╭──
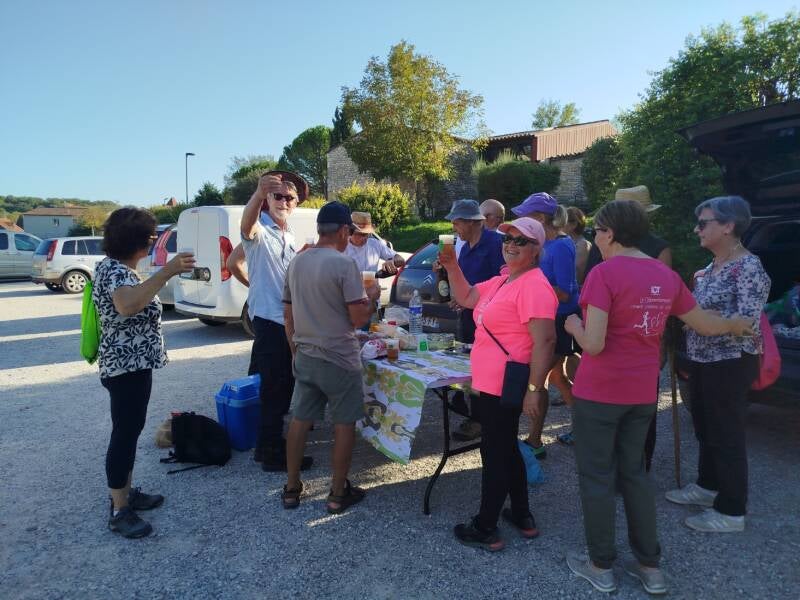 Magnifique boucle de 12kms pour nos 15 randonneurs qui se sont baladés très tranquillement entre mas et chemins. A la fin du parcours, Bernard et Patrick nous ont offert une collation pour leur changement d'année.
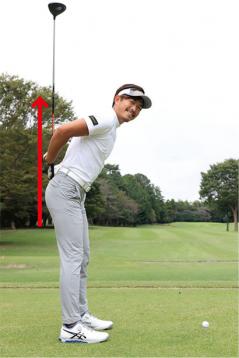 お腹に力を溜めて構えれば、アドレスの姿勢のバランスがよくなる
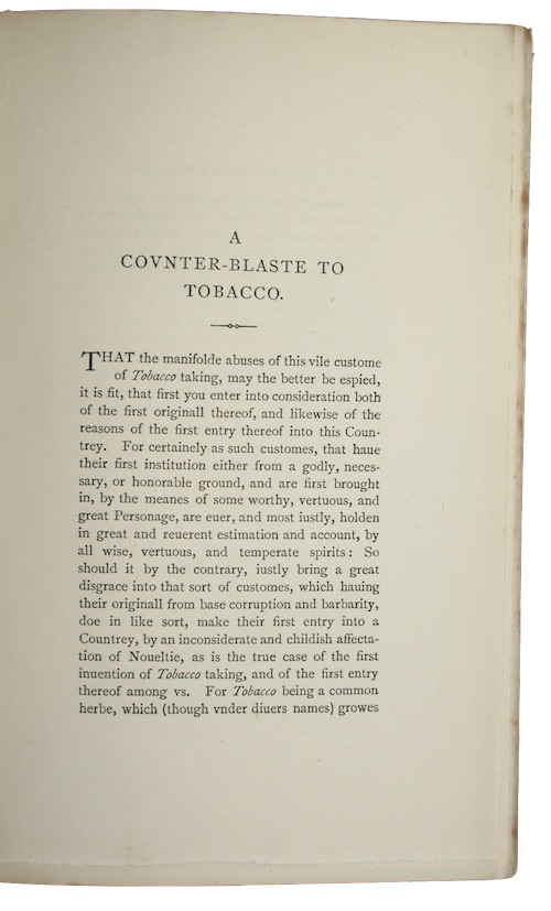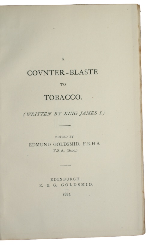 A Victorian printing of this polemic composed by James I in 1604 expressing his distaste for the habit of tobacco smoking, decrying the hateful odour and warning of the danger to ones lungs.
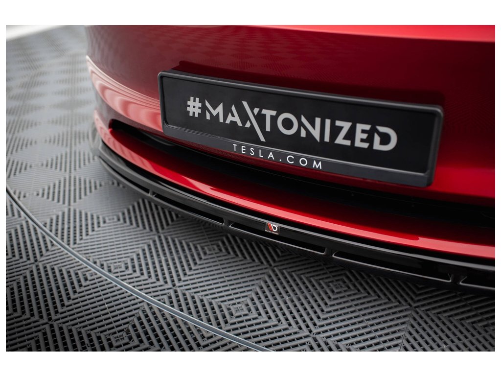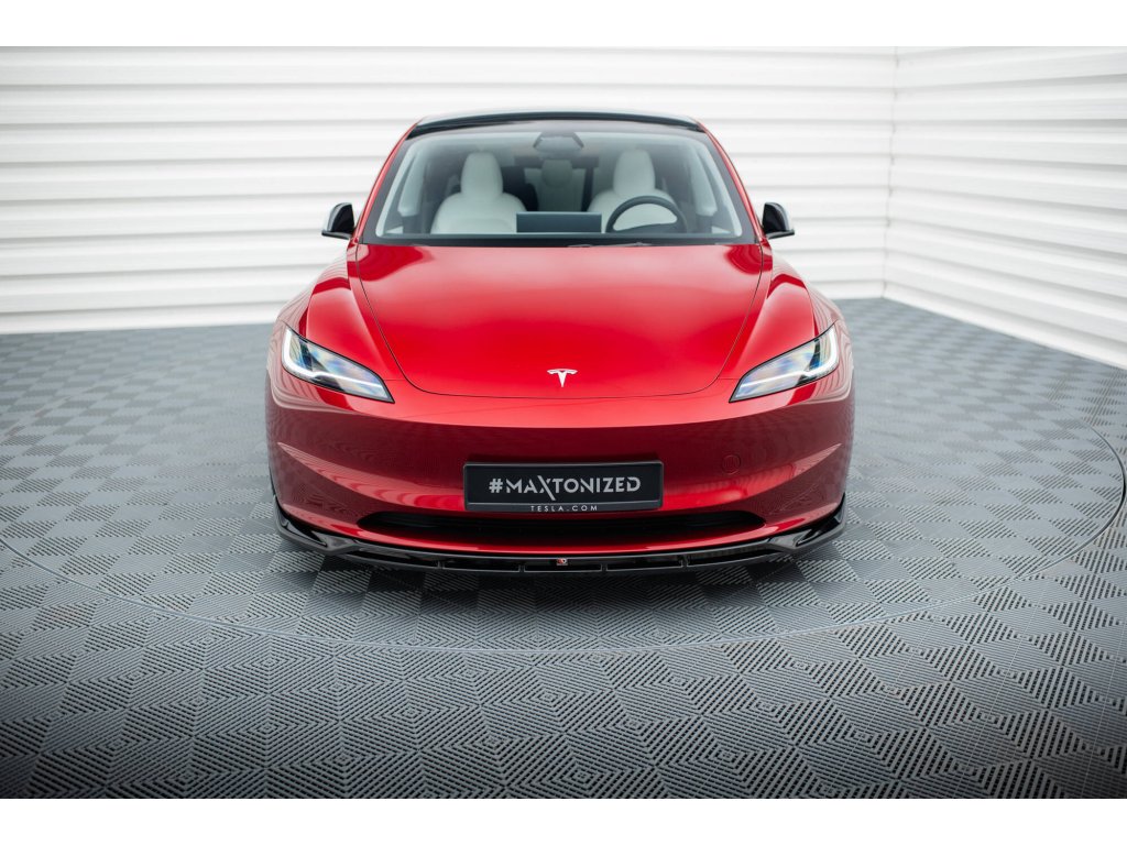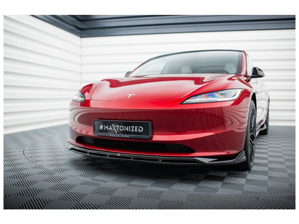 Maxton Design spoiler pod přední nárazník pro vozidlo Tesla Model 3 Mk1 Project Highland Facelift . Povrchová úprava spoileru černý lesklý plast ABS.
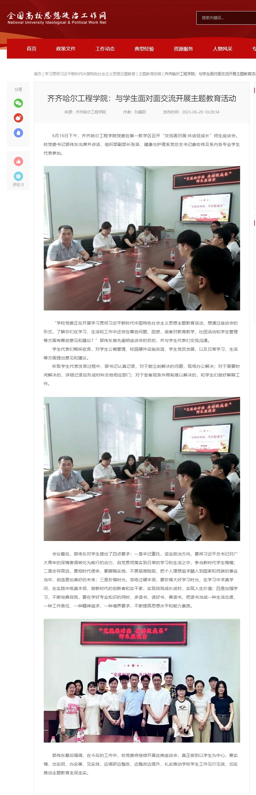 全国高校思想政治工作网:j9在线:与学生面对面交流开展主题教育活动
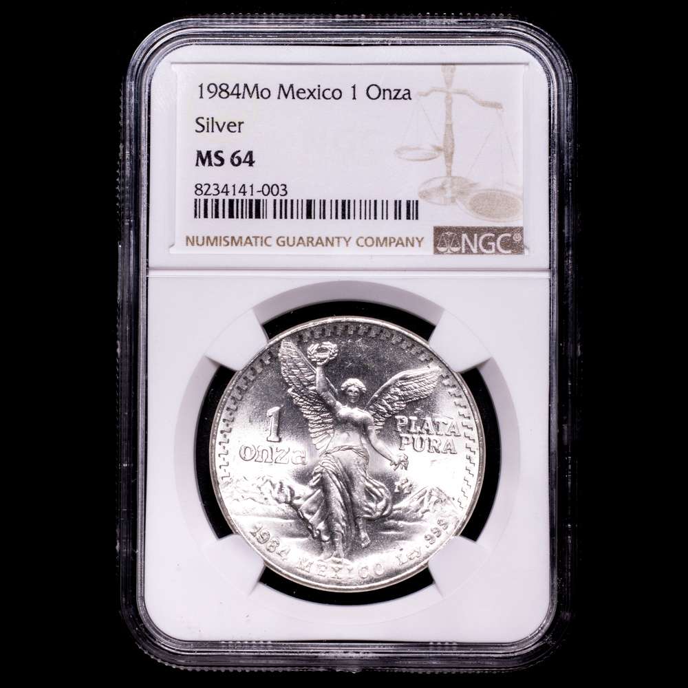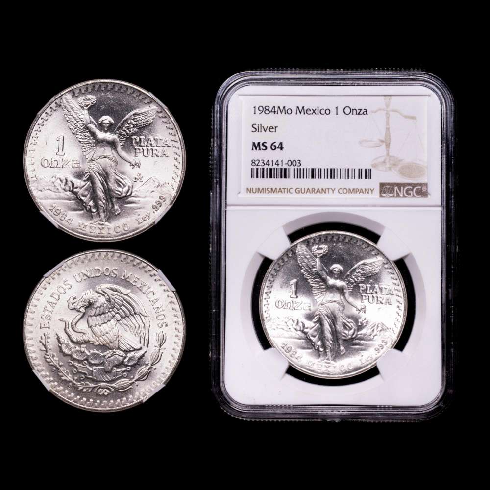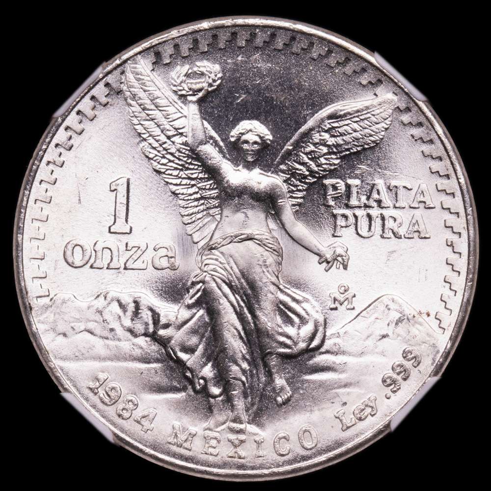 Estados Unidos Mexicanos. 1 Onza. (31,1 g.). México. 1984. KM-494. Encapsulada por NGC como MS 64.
╰──
# Exercise aim
Each line from the one holding "A Victorian printing" to the end of the records above must be copied exactly; the pictures must not be copied.

# Answer to the problem
 A Victorian printing of this polemic composed by James I in 1604 expressing his distaste for the habit of tobacco smoking, decrying the hateful odour and warning of the danger to ones lungs.
 Maxton Design spoiler pod přední nárazník pro vozidlo Tesla Model 3 Mk1 Project Highland Facelift . Povrchová úprava spoileru černý lesklý plast ABS.
 全国高校思想政治工作网:j9在线:与学生面对面交流开展主题教育活动
 Estados Unidos Mexicanos. 1 Onza. (31,1 g.). México. 1984. KM-494. Encapsulada por NGC como MS 64.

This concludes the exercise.